(Beginning of Data shown)
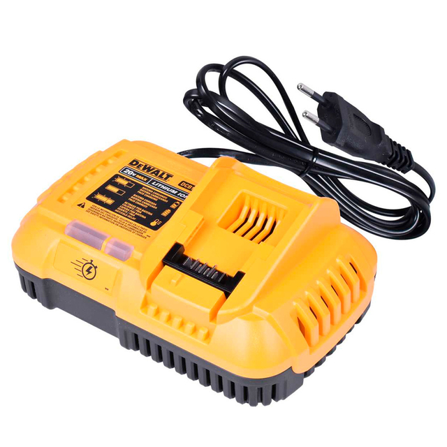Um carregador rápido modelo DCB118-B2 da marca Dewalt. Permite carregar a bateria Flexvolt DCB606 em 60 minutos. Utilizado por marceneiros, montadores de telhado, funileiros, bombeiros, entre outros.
(End of Data shown)
(Beginning of Data shown)
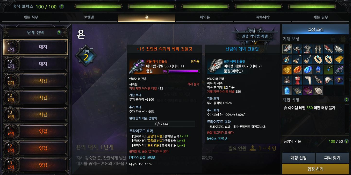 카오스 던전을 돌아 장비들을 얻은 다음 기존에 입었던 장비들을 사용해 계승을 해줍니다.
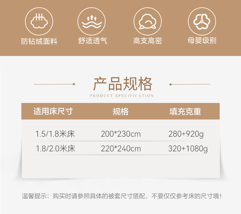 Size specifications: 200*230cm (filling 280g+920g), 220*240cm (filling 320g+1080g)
(End of Data shown)
What you will do: Look above for the line with "카오스 던전을 돌아 장비들을", then print it and each line after it down to and including the line with "Size specifications: 200*230cm". Leave out the pictures and keep the wording exact.

Solution:
 카오스 던전을 돌아 장비들을 얻은 다음 기존에 입었던 장비들을 사용해 계승을 해줍니다.
 Size specifications: 200*230cm (filling 280g+920g), 220*240cm (filling 320g+1080g)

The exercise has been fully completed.